======== Data for review ========

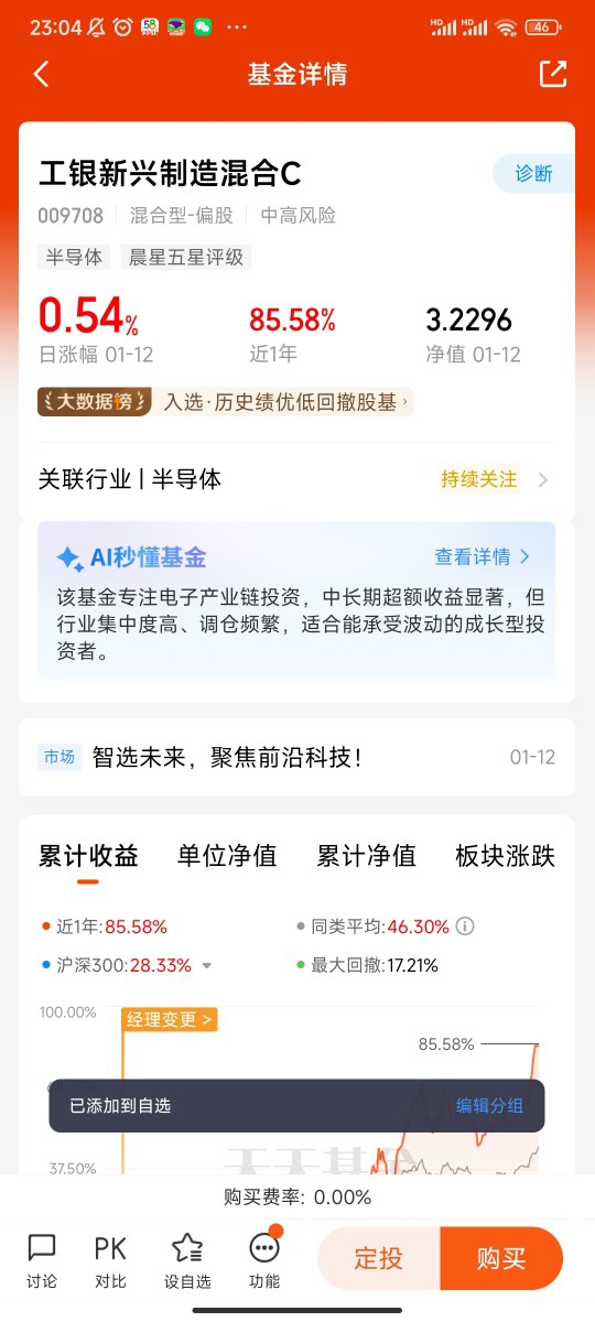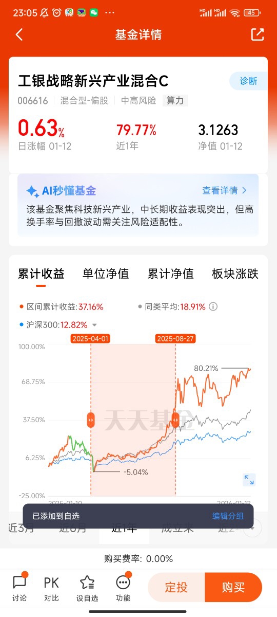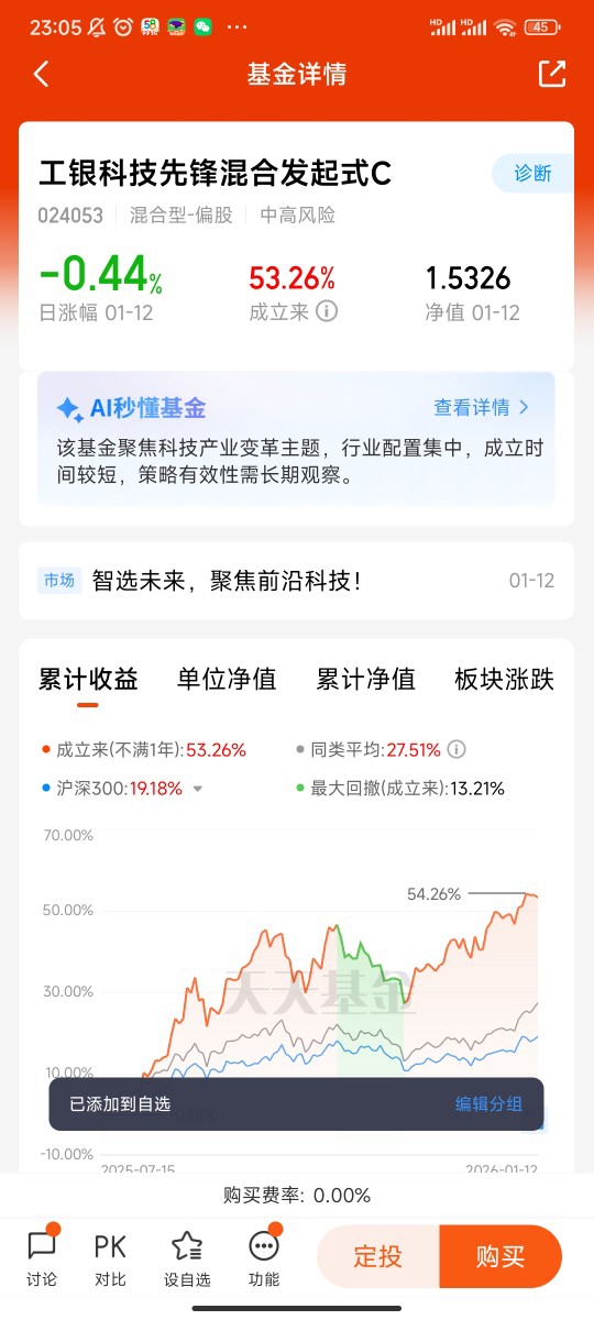 投资科技就是投资未来,在这个科技赋能万物的时代,选对赛道、选对标的,才能在时代浪潮中把握机遇。工银国证港股通科技ETF发起式联接C 就是我布局科技赛道的核心武器,接下来我会坚定持有,陪着优质科技企业一起成长。
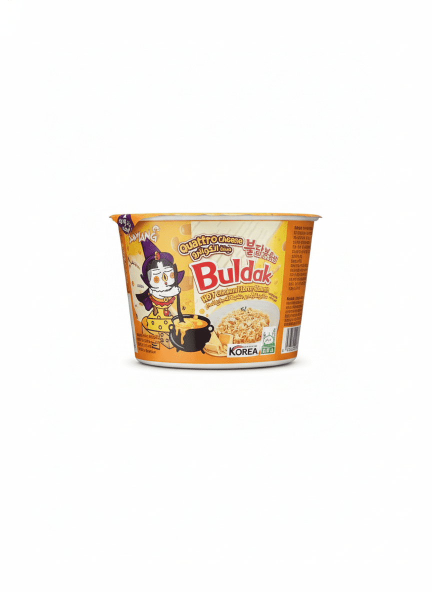 نودلز ساميانغ بولداك كواترو تشيز رامن هي نودلز كورية سريعة التحضير بنكهة الدجاج الحار ممزوجة بجبنة كريمية غنية من أربعة أنواع من الجبن. المنتج المعروض هو عبوة كوب كبير بوزن 110 جرام.
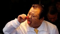 Kiyoshi Kimura pun tak melewatkan untuk merasakan langsung ikan tuna sirip biru yang dihargai fantastis tersebut.
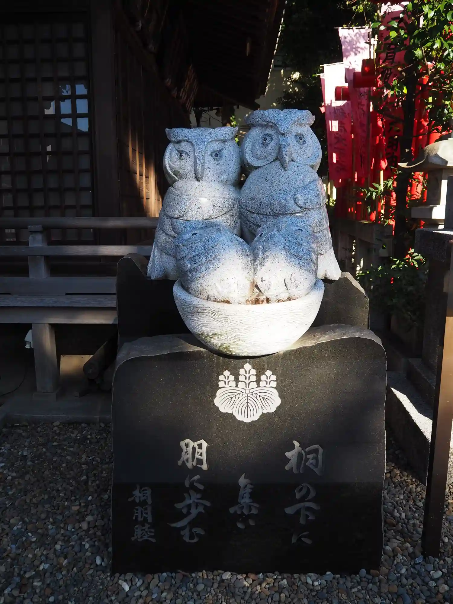 拝殿のところにあるフクロウの像の石碑に、「桐の下に集い朋に歩む」
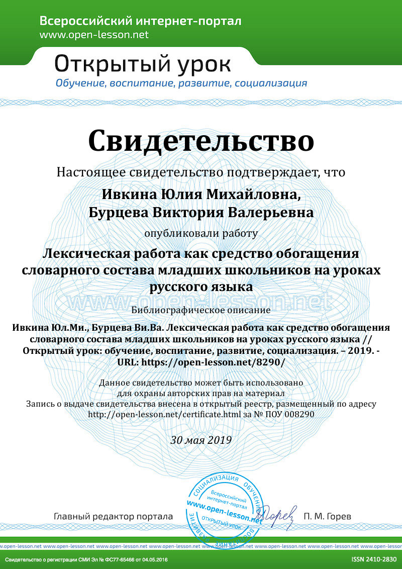 Таким образом, лексическая работа в школе способствует развитию лингвистического мышления детей, обогащению их словарного запаса, повышению речевой культуры. Для того чтобы дети умело использовали в речи слова, необходимо правильно организовать работу ними, применять различные виды упражнений и заданий в процессе обучения.
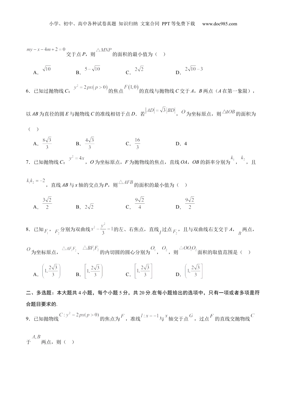 小学、初中、高中各种试卷真题知识归纳文案合同PPT等免费下载www.doc985.com专题27圆锥曲线中的面积问题考试时间:120分钟满分:150分一、单选题:本大题共8小题,每个小题5分,共40分.在每小题给出的选项中,只有一项是符合题目要求的.1.已知是抛物线上一点,为抛物线的焦点,点,若,则的面积为()A.B.C.D.2.已知点是椭圆上一点,椭圆的左、右焦点分别为、,且,则的面积为()A.6B.12C.D.3.已知是抛物线的准线,为的焦点,分别为和上的两点,与轴交于点,且四边形的面积为,则的方程为()A.B.C.D.4.已知双曲线的左右焦点为,P为右支上除顶点外的任意一点,圆I为的内切圆,且与x轴切于A点,过作,垂足为B,若,则的面积为()A.B.C.9D.25.已知直线l:与x轴、y轴分别交于M,N两点,动直线:和:小学、初中、高中各种试卷真题知识归纳文案合同PPT等免费下载www.doc985.com交于点P,则的面积的最小值为()A.B.C.D.6.已知过抛物线C:的焦点的直线与抛物线C交于A,B两点(A在第一象限),以AB为直径的圆E与抛物线C的准线相切于点D.若,为坐标原点,则的面积为()A.B.C.D.47.已知抛物线C:,O为坐标原点,F为抛物线的焦点,直线OA,OB的斜率分别为,,且,直线AB与x轴的交点为P,则的面积的最小值为()A.B.C.D.8.已知,分别为双曲线的左、右焦点,直线过点,且与双曲线右支交于A,两点,为坐标原点,、的内切圆的圆心分别为,,则面积的取值范围是()A.B.C.D.二、多选题:本大题共4小题,每个小题5分,共20分.在每小题给出的选项中,只有一项或者多项是符合题目要求的.9.已知拋物线的焦点为,准线与轴交于点,过点的直线交抛物线于两点,则()小学、初中、高中各种试卷真题知识归纳文案合同PPT等免费下载www.doc985.comA.B.C.以线段为直径的圆一定与直线相切D.的面积的最小值为410.设抛物线的焦点为,为坐标原点,直线与C交于A,B两点,以AB为直径的圆与y轴交于D,E两点,则()A.B.C.是钝角D.的面积小于的面积11.已知椭圆,为的右焦点,为的左顶点,为直线与的两个交点,则()A.的取值范围是B.周长的最小值为C.的面积的最大值为D.直线与的斜率之积为12.已知椭圆的左,右焦点分别为,过点垂直于x轴的直线交椭圆C于A,B两点,,若点P是椭圆C上的动点,则下列说法正确的是()A.的最小值为B.的面积的最大值为C.的取值范围为D.C上有且只有4个点P,使得是直角三角形三、填空题:本大题共4小题,每小题5分,共20分.把答案填在答题卡中的横线上.13.设,是双曲线:的两个焦点,为坐标原点,点P在的右支上,且小学、初中、高中各种试卷真题知识归纳文案合同PPT等免费下载www.doc985.com,则的面积为.14.已知抛物线的焦点为F,过点F作两条互相垂直的直线,,且直线,分别与抛物线C交于A,B和D,E,则四边形ADBE面积的最小值是.15.已知抛物线,圆,设为坐标原点,过圆心的直线与圆交于点,直线分别交抛物线于点(点不与点重合).记的面积为,的面积为,则的最大值.16.抛物线的弦与过弦的端点的两条切线所围成的三角形常被称为阿基米德三角形.阿基米德三角形有一些有趣的性质,如:若抛物线的弦过焦点,则过弦的端点的两条切线的交点在其准线上.设抛物线,弦AB过焦点,为其阿基米德三角形,则的面积的最小值为.四、解答题:本大题共6小题,共70分.解答应写出必要的文字说明、证明过程或演算步骤.17.已知椭圆的一个焦点为,且过点.(1)求椭圆的方程;(2)直线与椭圆交于两点,求面积的最大值及此时直线的方程.小学、初中、高中各种试卷真题知识归纳文案合同PPT等免费下载www.doc985.com18.椭圆的左顶点为,右顶点为,满足,且椭圆的离心率为.(1)求椭圆的标准方程;(2)已知点在椭圆的内部,直线和直线分别与椭圆交于另外的点和点,若的面积为,求的值.19.设椭圆的左、右顶点分别为,且焦距为.点在椭圆上且异于两点,若直线与的斜率之积为.(1)求椭圆的标准方程;(2)过点作不与轴重合的直线与椭圆相交于两点,直线的方程为:,过点作垂直于直线,交于点.求面积的最大值.20.已知的两顶点坐标,.(1)求动点的轨迹的方...
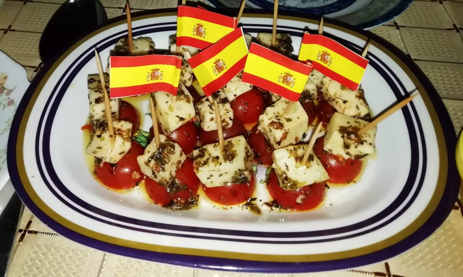 O sea: Salmorejo,croquetas caseras variadas de bechamel y de puchero, níscalos a la plancha y productos autoctonos de mi tierra ( jamón, caña de lomo, quesos varios, gambas...)
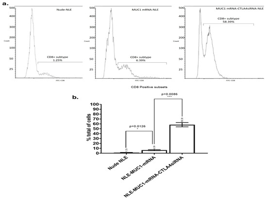 Flow cytometric analysis of tumor-infiltrating CD8+ T cells. (a) Tumor tissues were harvested on day 30 post-treatment and enzymatically dissociated into single-cell suspensions for flow cytometry. CD8+ T cell populations were identified using FITC-conjugated anti-CD8 antibodies. The percentage of CD8+ T cells among total tumor-infiltrating cells is shown for each treatment group: (b) Nude-NLE, NLE-MUC1 mRNA, and NLE-MUC1 mRNA + CTLA-4 siRNA (n = 3 mice per group). Data are presented as mean ± standard deviation (SD). Statistical comparisons were performed using one-way ANOVA followed by Tukey’s post hoc test. * p < 0.05, *** p < 0.01.
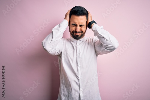 Young handsome man with beard wearing casual shirt standing over pink background suffering from headache desperate and stressed because pain and migraine. Hands on head.

========

- _Required work_:
Could you reproduce exactly the lines from the first line of the listing through the line containing "Таким образом, лексическая", both included, with pictures left out?

- _Reply to the exercise_:
 投资科技就是投资未来,在这个科技赋能万物的时代,选对赛道、选对标的,才能在时代浪潮中把握机遇。工银国证港股通科技ETF发起式联接C 就是我布局科技赛道的核心武器,接下来我会坚定持有,陪着优质科技企业一起成长。
 نودلز ساميانغ بولداك كواترو تشيز رامن هي نودلز كورية سريعة التحضير بنكهة الدجاج الحار ممزوجة بجبنة كريمية غنية من أربعة أنواع من الجبن. المنتج المعروض هو عبوة كوب كبير بوزن 110 جرام.
 Kiyoshi Kimura pun tak melewatkan untuk merasakan langsung ikan tuna sirip biru yang dihargai fantastis tersebut.
 拝殿のところにあるフクロウの像の石碑に、「桐の下に集い朋に歩む」
 Таким образом, лексическая работа в школе способствует развитию лингвистического мышления детей, обогащению их словарного запаса, повышению речевой культуры. Для того чтобы дети умело использовали в речи слова, необходимо правильно организовать работу ними, применять различные виды упражнений и заданий в процессе обучения.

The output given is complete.